OpenAI releases “emotional” AI chatbot update

14 May 2024

Technology, Media & Telecoms

Digital, Brand & Creative Strategy

artificial intelligence

News

Can you imagine laughing, crying, or even flirting with your smartphone - let alone your device being able to detect these emotions and respond using a ‘personality’ and a ‘voice’?

Yesterday, OpenAI announced its latest AI model, GPT-4o, powered by ChatGPT, with these capabilities integrated, alongside the ability to look, listen and talk. This will be available both via an app and on desktop, from this coming Monday, free of charge.

The “o” in GPT-4o stands for “omni”, referring to the model’s ability to handle text, speech, and video. The model builds on the capabilities of OpenAI’s GPT-4, the company’s language model that generates text from text and visual information. This model rolls together its similar products into a single system.

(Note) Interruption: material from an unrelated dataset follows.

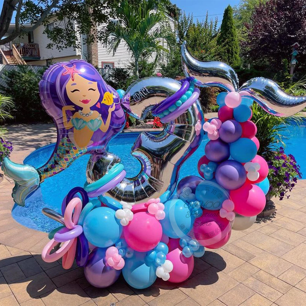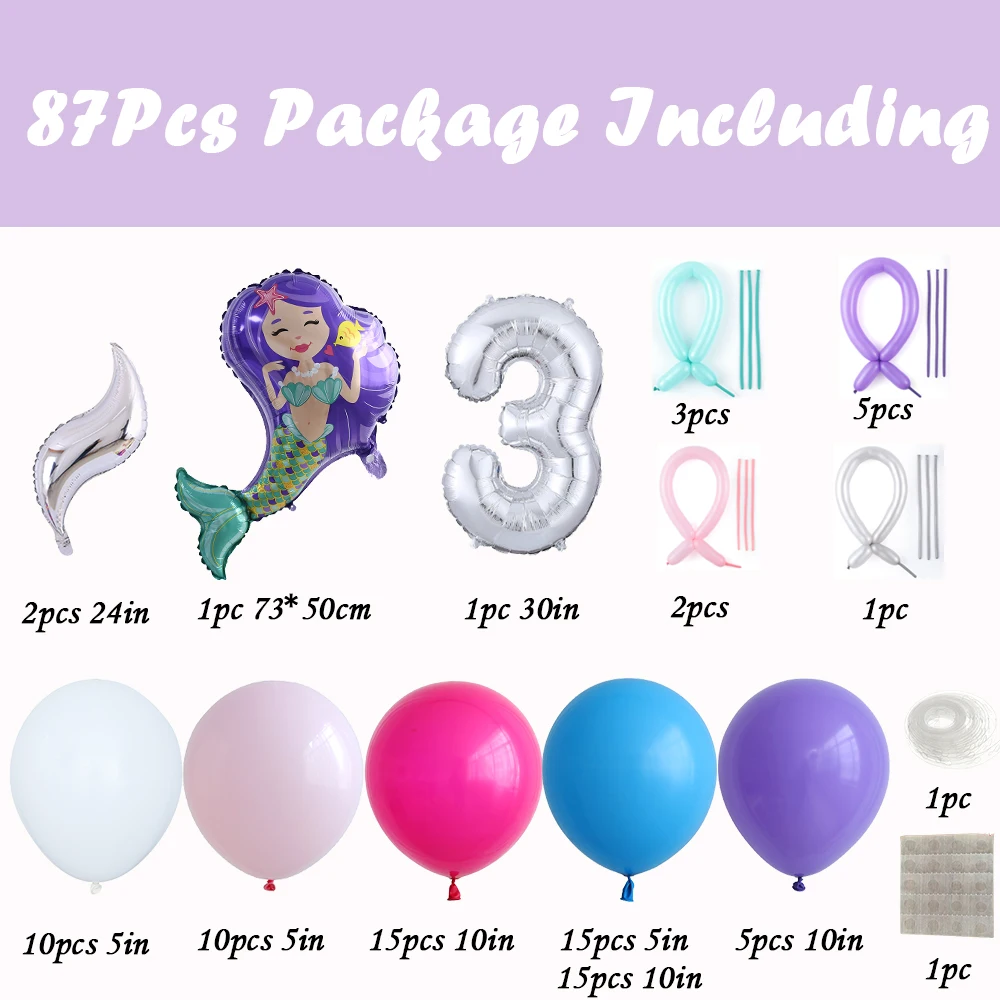 87 шт., серебряные воздушные шары в виде хвоста Русалочки

The most significant update from the announcement was that users will be able to talk with ChatGPT in real time. Whilst ChatGPT has long offered a voice mode, transcribing the chatbot’s responses using a text-to-speech model, ChatGPT-4o is a vast improvement.

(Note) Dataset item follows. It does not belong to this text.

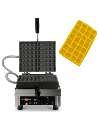 Macchina per waffle 4×7 Tipo Liège di Krampouz può scaldare due waffle contemporaneamente. Le sue piastre si aprono a 90° per un risultato uniforme. Dimensione Waffle 191x110x24 mm. La cialda 4×7 (realizzata su una piastra da 4 x 5 quadrati)

It can act as a real-time translator, listening to voices and communicating to a preferred language. And if you think ChatGPT-4o is blathering on or not answering the question, users can question and interrupt whilst it’s answering. The ‘real-time’ responsiveness can also extend to ChatGPT-4o sharing responses in a range of emotions, including singing.

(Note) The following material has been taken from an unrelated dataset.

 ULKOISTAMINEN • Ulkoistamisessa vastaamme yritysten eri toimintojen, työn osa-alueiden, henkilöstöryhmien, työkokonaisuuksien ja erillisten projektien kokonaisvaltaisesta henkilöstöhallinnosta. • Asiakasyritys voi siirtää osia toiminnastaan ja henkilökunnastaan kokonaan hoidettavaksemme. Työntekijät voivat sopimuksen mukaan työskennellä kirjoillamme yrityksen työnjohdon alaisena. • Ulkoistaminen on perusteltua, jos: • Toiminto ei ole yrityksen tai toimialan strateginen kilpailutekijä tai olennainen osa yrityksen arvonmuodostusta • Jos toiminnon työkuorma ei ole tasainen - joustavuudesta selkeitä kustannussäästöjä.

ChatGPT-4o also has vision capabilities, integrated with a phone’s camera. It can process a photo or a live video feed and can answer questions like ‘what brand of shoes is this person wearing?’, ‘how fast are those ducks moving?’ or ‘who are the cast of this movie on this poster?’.

The app is part of an effort to combine chatbots with voice assistants such as Apple’s Siri and Google Assistant. Notably, the company is framing this announcement as part of the ‘future of interaction between ourselves and machines.’ This represents the next step towards OpenAI’s vision for a world in which users have hyper-personalised interactions with their device.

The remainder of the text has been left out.